#### About this exercise
Starting at the line that has "Egyesével meghempergetjük a" and stopping after the line that has "Front left to", reproduce the listing below exactly; omit everything else.

#### Excerpted records
== Segment start ==
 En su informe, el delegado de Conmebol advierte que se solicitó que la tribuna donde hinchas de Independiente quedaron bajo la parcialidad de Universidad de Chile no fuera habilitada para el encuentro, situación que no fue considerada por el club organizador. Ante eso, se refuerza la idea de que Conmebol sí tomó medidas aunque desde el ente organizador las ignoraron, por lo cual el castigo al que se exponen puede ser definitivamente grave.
== Segment end ==
== Segment start ==
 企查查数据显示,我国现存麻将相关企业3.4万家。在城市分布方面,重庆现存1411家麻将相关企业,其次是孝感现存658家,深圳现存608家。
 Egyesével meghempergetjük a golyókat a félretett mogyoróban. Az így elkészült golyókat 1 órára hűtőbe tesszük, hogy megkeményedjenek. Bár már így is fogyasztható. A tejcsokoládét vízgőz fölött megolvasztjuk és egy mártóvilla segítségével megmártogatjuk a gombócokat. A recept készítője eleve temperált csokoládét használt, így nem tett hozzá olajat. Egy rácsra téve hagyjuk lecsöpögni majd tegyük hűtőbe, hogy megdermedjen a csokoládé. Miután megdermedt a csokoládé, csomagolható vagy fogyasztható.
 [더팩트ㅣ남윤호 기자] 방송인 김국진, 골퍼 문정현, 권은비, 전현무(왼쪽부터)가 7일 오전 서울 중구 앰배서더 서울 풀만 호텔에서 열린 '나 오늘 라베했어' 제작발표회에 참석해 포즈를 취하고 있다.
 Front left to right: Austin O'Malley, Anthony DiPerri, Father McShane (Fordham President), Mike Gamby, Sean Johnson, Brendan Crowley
== Segment end ==
#### Response to this task
 Egyesével meghempergetjük a golyókat a félretett mogyoróban. Az így elkészült golyókat 1 órára hűtőbe tesszük, hogy megkeményedjenek. Bár már így is fogyasztható. A tejcsokoládét vízgőz fölött megolvasztjuk és egy mártóvilla segítségével megmártogatjuk a gombócokat. A recept készítője eleve temperált csokoládét használt, így nem tett hozzá olajat. Egy rácsra téve hagyjuk lecsöpögni majd tegyük hűtőbe, hogy megdermedjen a csokoládé. Miután megdermedt a csokoládé, csomagolható vagy fogyasztható.
 [더팩트ㅣ남윤호 기자] 방송인 김국진, 골퍼 문정현, 권은비, 전현무(왼쪽부터)가 7일 오전 서울 중구 앰배서더 서울 풀만 호텔에서 열린 '나 오늘 라베했어' 제작발표회에 참석해 포즈를 취하고 있다.
 Front left to right: Austin O'Malley, Anthony DiPerri, Father McShane (Fordham President), Mike Gamby, Sean Johnson, Brendan Crowley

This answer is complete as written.